Grantex is built **on top of** OAuth 2.0 — not as a replacement, but as a purpose-built authorization layer for AI agents. This page explains the key differences and when each approach is the right fit.

## Side-by-Side Comparison

| Dimension               | OAuth 2.0                                              | Grantex                                                                                                                  |
| ----------------------- | ------------------------------------------------------ | ------------------------------------------------------------------------------------------------------------------------ |
| **Identity model**      | Human users and client applications                    | Agents, principals (humans), and developers — first-class entities                                                       |
| **Delegation**          | Limited — no standard for sub-delegation               | Agent-to-agent delegation with depth tracking and parent grant chaining (SPEC §9)                                        |
| **Revocation**          | Revoke individual tokens                               | Revoke grants (all tokens under a grant cascade-revoke), plus principal self-service revocation                          |
| **Audit**               | Not built in — requires external logging               | Tamper-evident, hash-chained audit log with compliance exports (SOC 2, HIPAA, GDPR)                                      |
| **Scope model**         | Flat string scopes                                     | Hierarchical scopes with a registry, scope constraints in policies, and time-bound restrictions                          |
| **Agent-to-agent auth** | Not addressed                                          | Sub-agent delegation with `parentAgt`, `parentGrnt`, and `delegationDepth` JWT claims                                    |
| **Compliance**          | Bolted on                                              | Built in — anomaly detection, policy engine, evidence packs                                                              |
| **Local verification**  | Often uses an introspection endpoint for opaque tokens | JWT-based signature and claim verification after obtaining JWKS keys; standalone SDK helpers may fetch keys on each call |

## When to Use OAuth 2.0

OAuth 2.0 is the right choice when:

* You are building **human-facing** login flows (social login, SSO)
* Your application follows the traditional **client → resource server** model
* You need broad ecosystem compatibility with existing OAuth providers (Google, GitHub, Okta)
* Agents are **not** part of your authorization model

Grantex does not replace your identity provider.

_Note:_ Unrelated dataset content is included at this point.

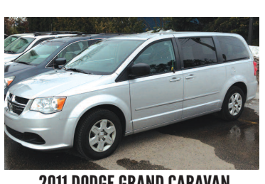
2011 DODGE GRAND CARAVAN Stow-n-Go, 4 captain chairs, seats 7, steering wheel control. Only 63 K. AS LOW AS $249 A MONTH
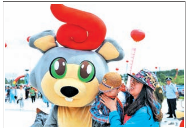
The volcano mascot of the traditional "Holy Water Festival" poses for photo with tourists in Wudalianchi, northeast China's Heilongjiang Province, on 11 June, 2013. The festival was listed as the National Intangible Cultural Heritage in 2010.

Use OAuth 2.0 / OIDC for authenticating humans, and Grantex for authorizing what agents can do on their behalf.

## When to Use Grantex

Grantex is the right choice when:

* **AI agents** act on behalf of users and need verifiable, revocable permissions
* Agents **delegate** to sub-agents and you need to track the delegation chain
* You need a **tamper-evident audit trail** of every action agents take
* **Compliance** requirements (SOC 2, HIPAA, GDPR) demand structured evidence of agent activity
* Users need to **review and revoke** agent permissions through a self-service dashboard
* You want **local signature and claim verification** without hitting a token
  introspection endpoint; JWKS retrieval and caching remain deployment concerns

## Using Both Together

A common architecture is:

1. **OAuth 2.0 / OIDC** handles user authentication (login with Google, Okta, etc.)
2. **Grantex** handles agent authorization (what the agent can do, audit trail, revocation)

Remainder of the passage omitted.